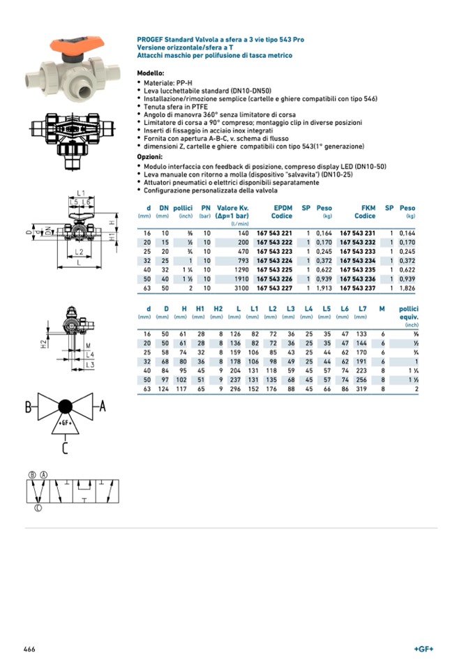 PROGEF Standard Valvola a sfera a 3 vie tipo 543 Pro
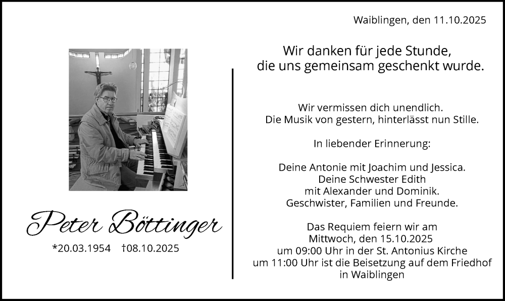 Hier finden Sie alle Traueranzeigen aus der Zeitung, die bisher für Peter Böttinger erschienen sind. Weitere Traueranzeigen, die in der Zeitung erscheinen, werden hier ebenfalls aufgelistet
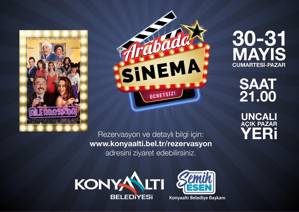 Konyaaltı Belediyesi ‘arabada sinema’ etkinliğiyle sinemaseverleri yeniden beyaz perde ile buluşturacak. İlk gösterim 30 Mayıs Cumartesi akşamı saat 21.00’de Uncalı Mahallesi’ndeki açık pazar yerinde gerçekleştirilecek. Araçlarıyla alana alınacak vatandaşlar, yine araçlarının içinde dev perdeye yansıtılacak filmi izleyebilecek. Koronavirüs tedbirleri kapsamında araçlar içinde 3 kişinin olması şartının gözetileceği etkinliğe 150 araç katılabilecek.
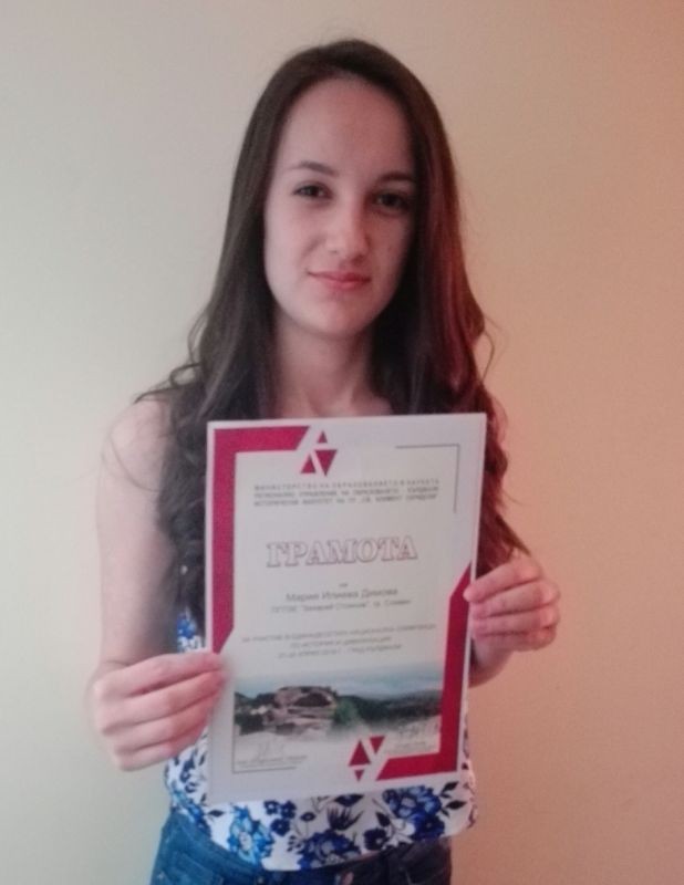 От ПГПЗЕ “Захарий Стоянов” до национален кръг достигна ученичката Мария Димова от 12 д клас, която достойно представи името на учебното заведение и продължи традицията ежегодно ученици от гимназията да се класират за национален кръг на олимпиадата по История и цивилизация.
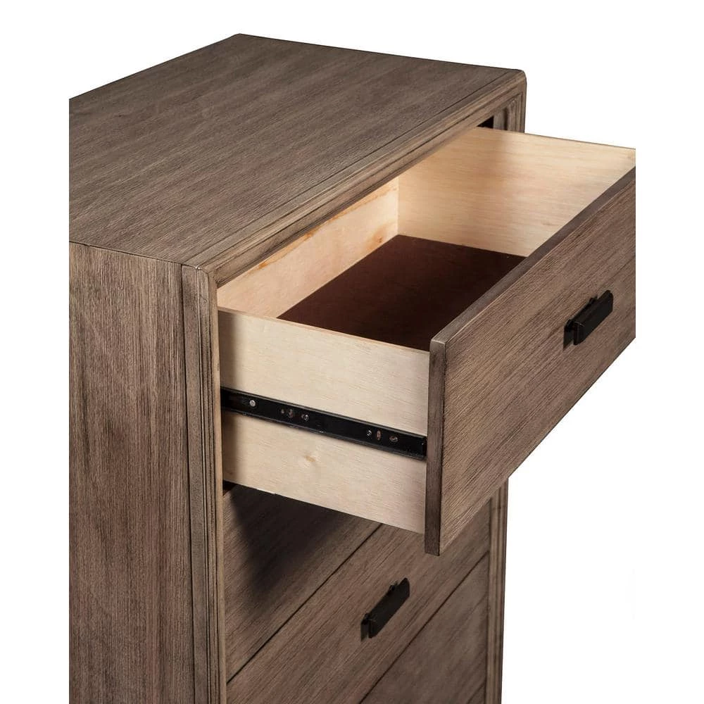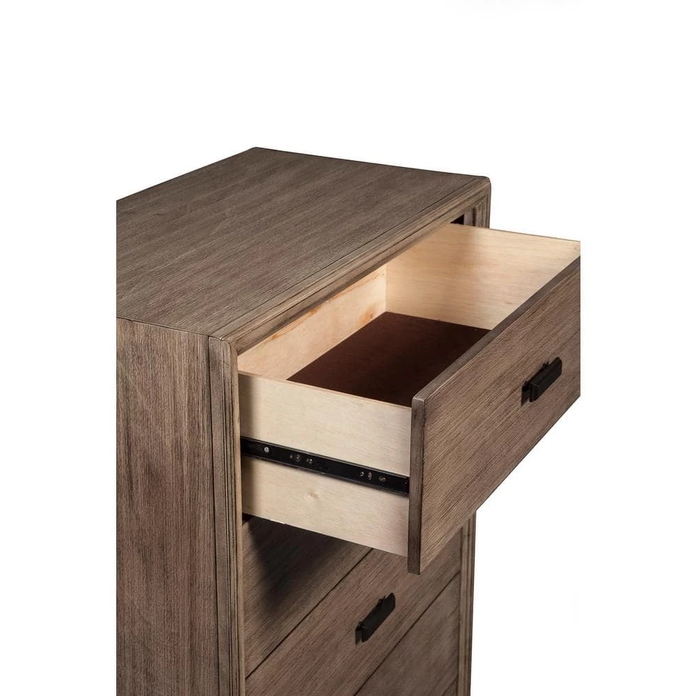 Style and elegance can be used to describe the Camilla wood nightstand. Trendy Antique Gray finish while crafted with Plantation Mahogany wood Solids & Okoume Veneer. 5 drawers provide storage. The matching bed purchased separately features a gorgeous upholstered headboard with nailhead trim that compliments the other pieces in the Camilla bedroom collection. Alpine Furniture knows that certain things never go out of style. Their furniture products are designed and constructed with classic English and/or French dovetailing that provides a sturdy result and an unbeatable aesthetic. For over 20 years, Alpine has provided its customers with a variety of wood products for the bedroom, dining room, and living room. Each piece is designed to meet the highest-quality standards of design, durability, and dependability. Customer satisfaction is of the utmost importance to Alpine. They have altered their designs over the years based on customer input in order to attain excellence in all areas.
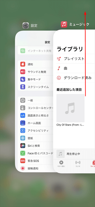 iPhoneで、画面下から上にスワイプしてApp Switcherメニューを開く>ミュージックカードを探す>上にスワイプしてアプリを終了させます。
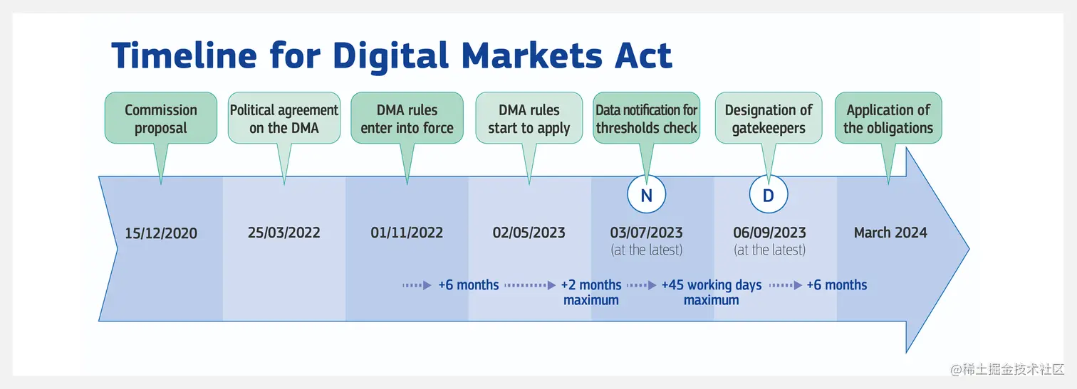 11 月 1 日,欧盟的《Digital Markets Act (数字市场法)》开始生效,要求占主导地位的平台让较小的竞争对手进入,并且迫使 WhatsApp 接收来自 Signal 或 Telegram 等竞争应用程序的消息,或者阻止亚马逊、苹果、谷歌优先使用他们自己的应用程序和服务。

########################################

* **EXERCISE GOAL**:
Verbatim copy without images: write the records above out in full.

* **EXERCISE RESPONSE**:
 PROGEF Standard Valvola a sfera a 3 vie tipo 543 Pro
 Hier finden Sie alle Traueranzeigen aus der Zeitung, die bisher für Peter Böttinger erschienen sind. Weitere Traueranzeigen, die in der Zeitung erscheinen, werden hier ebenfalls aufgelistet
 Konyaaltı Belediyesi ‘arabada sinema’ etkinliğiyle sinemaseverleri yeniden beyaz perde ile buluşturacak. İlk gösterim 30 Mayıs Cumartesi akşamı saat 21.00’de Uncalı Mahallesi’ndeki açık pazar yerinde gerçekleştirilecek. Araçlarıyla alana alınacak vatandaşlar, yine araçlarının içinde dev perdeye yansıtılacak filmi izleyebilecek. Koronavirüs tedbirleri kapsamında araçlar içinde 3 kişinin olması şartının gözetileceği etkinliğe 150 araç katılabilecek.
 От ПГПЗЕ “Захарий Стоянов” до национален кръг достигна ученичката Мария Димова от 12 д клас, която достойно представи името на учебното заведение и продължи традицията ежегодно ученици от гимназията да се класират за национален кръг на олимпиадата по История и цивилизация.
 Style and elegance can be used to describe the Camilla wood nightstand. Trendy Antique Gray finish while crafted with Plantation Mahogany wood Solids & Okoume Veneer. 5 drawers provide storage. The matching bed purchased separately features a gorgeous upholstered headboard with nailhead trim that compliments the other pieces in the Camilla bedroom collection. Alpine Furniture knows that certain things never go out of style. Their furniture products are designed and constructed with classic English and/or French dovetailing that provides a sturdy result and an unbeatable aesthetic. For over 20 years, Alpine has provided its customers with a variety of wood products for the bedroom, dining room, and living room. Each piece is designed to meet the highest-quality standards of design, durability, and dependability. Customer satisfaction is of the utmost importance to Alpine. They have altered their designs over the years based on customer input in order to attain excellence in all areas.
 iPhoneで、画面下から上にスワイプしてApp Switcherメニューを開く>ミュージックカードを探す>上にスワイプしてアプリを終了させます。
 11 月 1 日,欧盟的《Digital Markets Act (数字市场法)》开始生效,要求占主导地位的平台让较小的竞争对手进入,并且迫使 WhatsApp 接收来自 Signal 或 Telegram 等竞争应用程序的消息,或者阻止亚马逊、苹果、谷歌优先使用他们自己的应用程序和服务。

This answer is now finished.